Patients on government funded Medicare and Medicaid may be offered a slightly different route for payment, potentially involving some manner of an installment plan however, less detail is available on these structures as discussions are currently underway. While Spark has been highly innovative in both the development of the first ocular gene therapy in the US, and innovative in how the drug is to be priced and paid for, the sheer size of the price tag has attracted criticism. For example, a significant proportion of the cost required to research and develop Luxturna is understood to have originated with public, academic and charitable grant fundings and donations. The exact proportion of such financing does not appear to be publicly available, although presumably such figures may be computed from records within both the university(ies) involved and the company. Such costs may indicate that the public end up paying twice – once as a funder to develop the therapy and then again as a patient receiving the therapy.
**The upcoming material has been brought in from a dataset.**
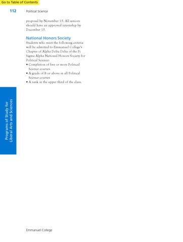 Students who meet the following criteria will be admitted to Emmanuel College’s Chapter of Alpha Delta Delta of the Pi Sigma Alpha National Honors Society for Political Science: • Completion of five or more Political Science courses • A grade of B or above in all Political Science courses • A rank in the upper third of the class.
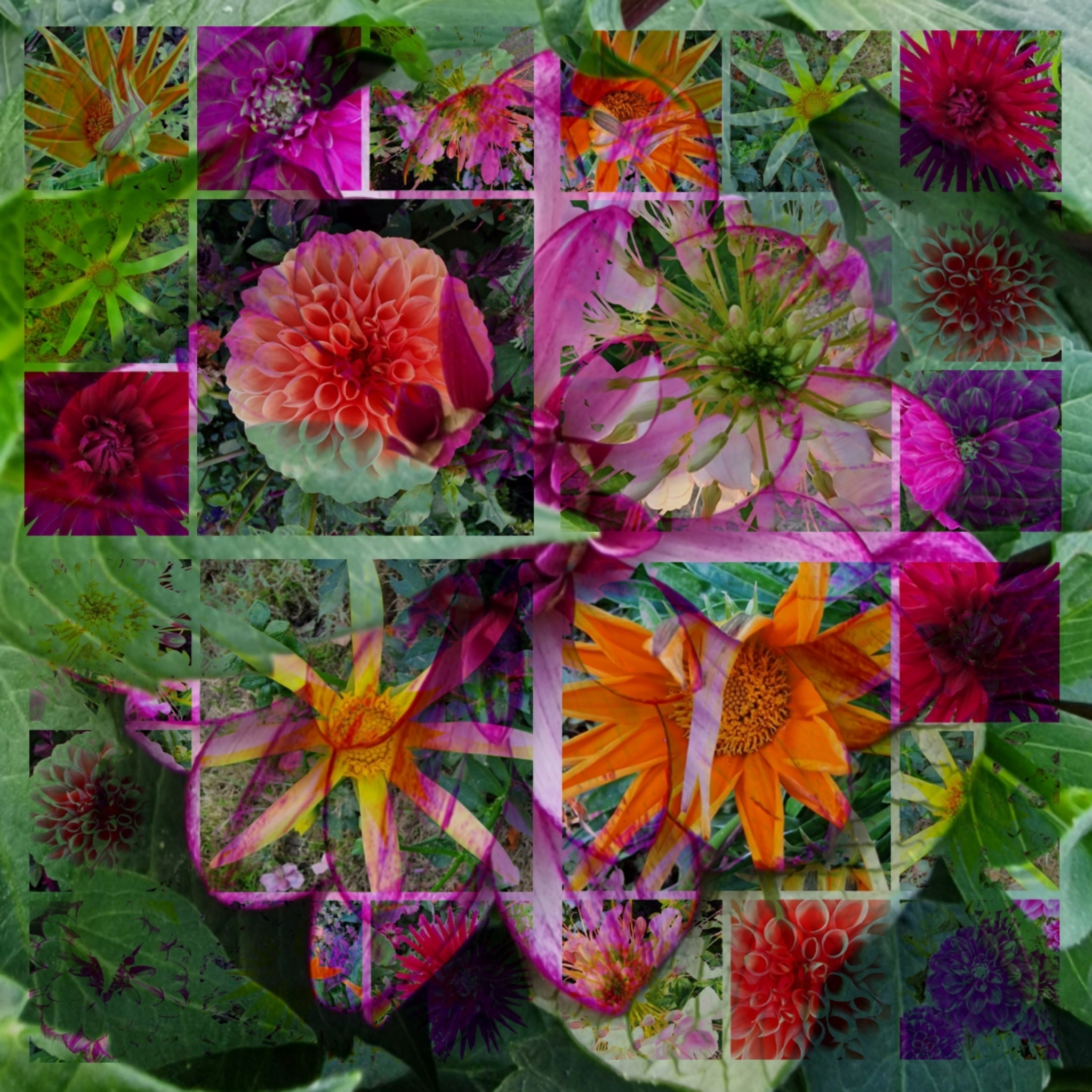 Het stadje Gravelines (F) presenteert zich met mooie 'jardins'. Dit is een colage en is onderdeel van een serie van 4 bloemencollages. Verschillende afmetingen mogelijk.

However, such reasoning may ignore the significant contribution made by investors and the company, and where the line between research and development is to be drawn. Universities on their own are not structured to deliver therapies to the market, while commercial companies are not structured or designed to undertake long-term basic research. Some compromises will be required in order to configure a fair and reasonable arrangement that balances public investment against private enterprise. If Spark’s track record in science is any indicator of the company’s skill in navigating significant challenges, then a solution should hopefully emerge over the coming months that provides a win-win for all stakeholders.